И только когда у меня родился второй сын, я вдруг увидел в нем отражение того ребенка, которым был давным-давно.

— А когда вы впервые влюбились?

— Тот простор, увиденный с деревенских холмов, бесконечное количество стихов, прочитанных в детстве, — все это очень подействовало на меня. Я сам начал сочинять стихи, одно из них посвятил двоюродной сестре. Как писал Лев Николаевич Толстой: «Такое родство — опасное соседство». Светлана, замечательно красивая, была первой девушкой, которой я, подросток, любовался. Ей уже исполнилось шестнадцать лет, а мне — четырнадцать. Однажды вечером мы затопили в доме печь, сели возле нее, и вдруг мне пришло в голову четверостишие: «Ты сидишь, обняв колени, смотришь на игру огня и не стоишь ни рубля, ни пенни и сейчас бесценна для меня».

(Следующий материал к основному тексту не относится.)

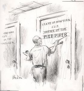 No caption ("Office of the Pied Piper" sign being painted on door)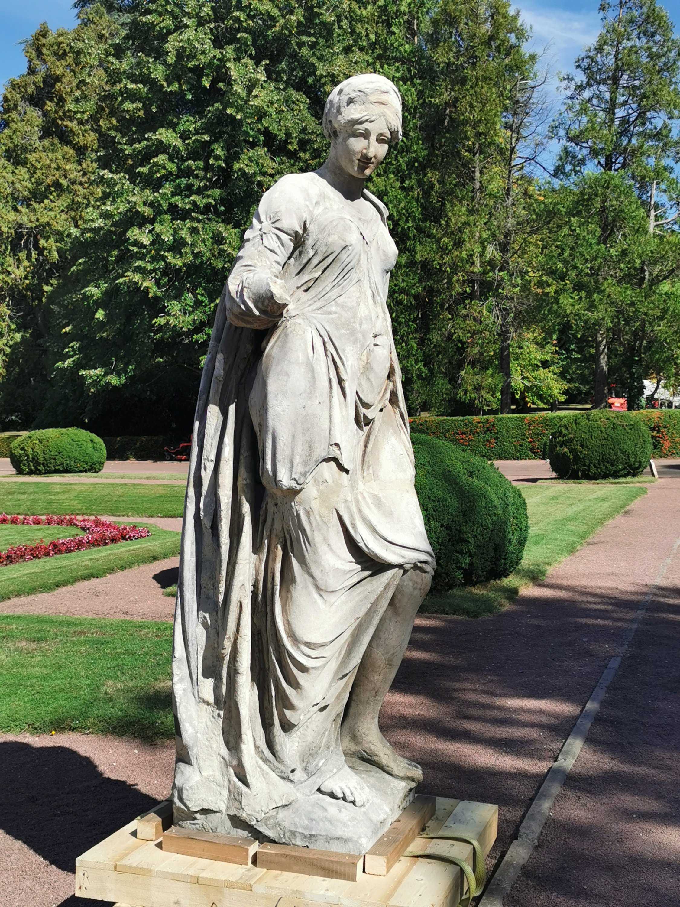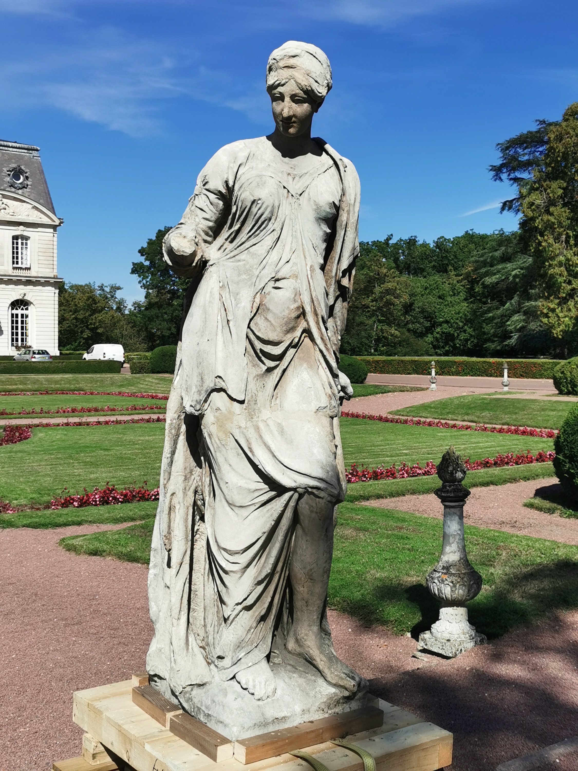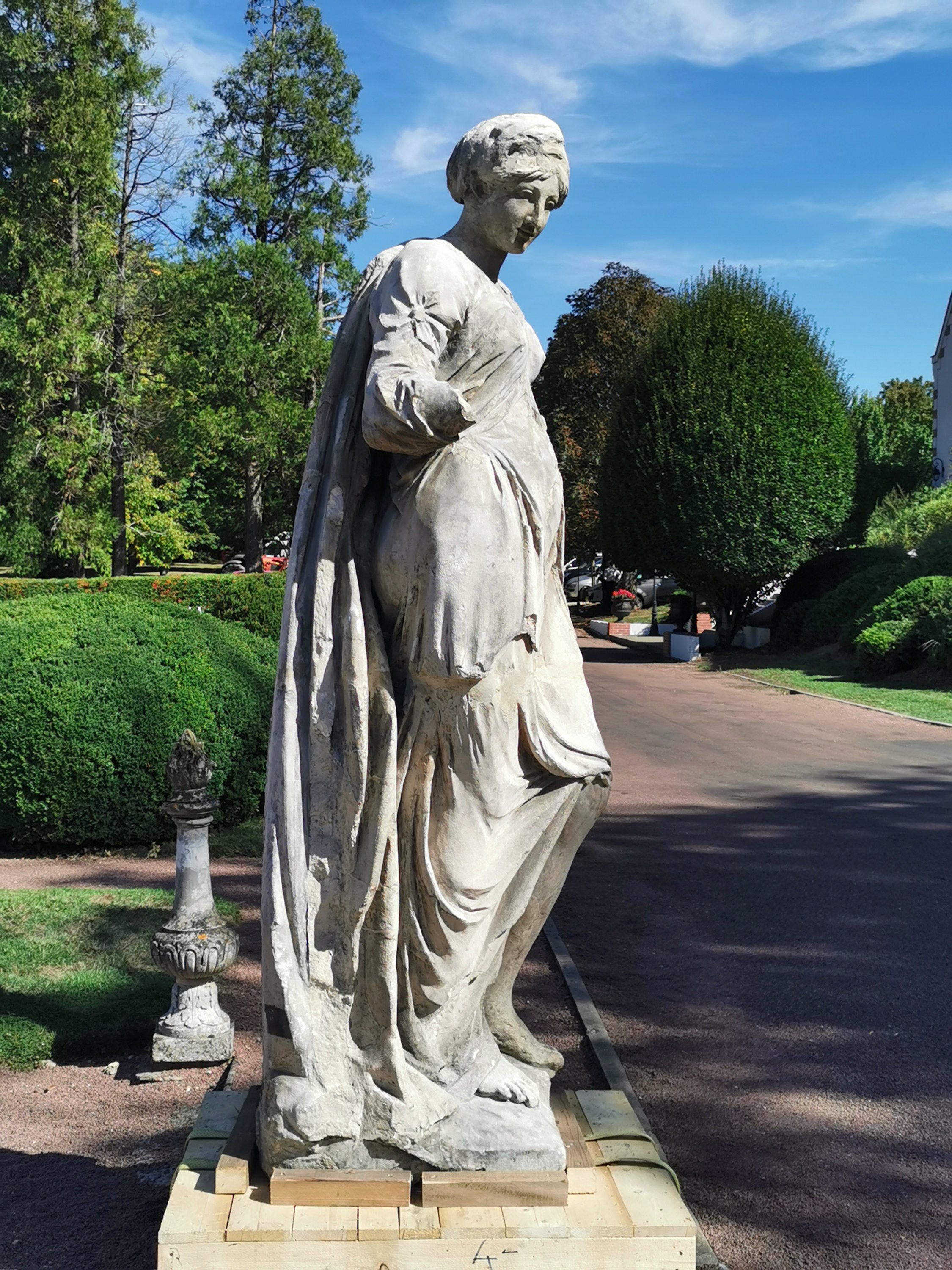 Female allegory in carved stone, probably from the French school of the late 18th century.

Такой «есенинский» понт. (Пенни я, естественно, в глаза не видел и до сих пор не знаю, как эта монета выглядит.) Светка говорит: «Из тебя может получиться поэт». Еще несколько лет я писал стихи, а потом навсегда бросил это занятие.

В ту лирическую пору, в пятнадцать лет, я влюбился в замечательно красивую девушку по имени Лилия, которая была старше меня года на три и казалась мне ужасно взрослой. Она выглядела француженкой, вроде Патрисии Каас, правда, потом, когда я впервые приехал во Францию, понял, что таких женщин там почти нет — они живут в России. И в эту «француженку» мне, совершенно зеленому, непременно надо было влюбиться, причем безответно.

Наверное, последний раз, когда я плакал, случился тогда: просто рыдал ночью в подушку. Затем на дискотеке, куда я пришел её искать, меня избили местные хулиганы, человек восемь. Я отомстил — одного из них выловил и наказал. А в шестнадцать лет у меня уже была другая девочка — первая красавица школы, окончившая ее потом с золотой медалью.

Такая пассия резко повысила мой статус среди мальчишек. Впрочем, у меня уже была своя рок-группа, для которой я писал песни, обо мне в местной прессе вышло несколько статей, приехало телевидение из Горького, как тогда назывался Нижний Новгород, и сняло про меня несколько сюжетов. Я пел и играл на гитаре, сочинял хорошие стихи, они потом вошли в книгу «Грех», писал сценарии к школьным КВН. На дворе стояли поздние советские годы, мы были последними, кого принимали в комсомол, хотя лично меня не приняли: я носил длинные волосы и серьгу в ухе.

В школе устраивали целые собрания, обсуждая на них мою внешность и требуя, чтобы я подстригся, а я не стригся из принципа, потому что жил рок-н-роллом. Так я стал единственным некомсомольцем в своем классе.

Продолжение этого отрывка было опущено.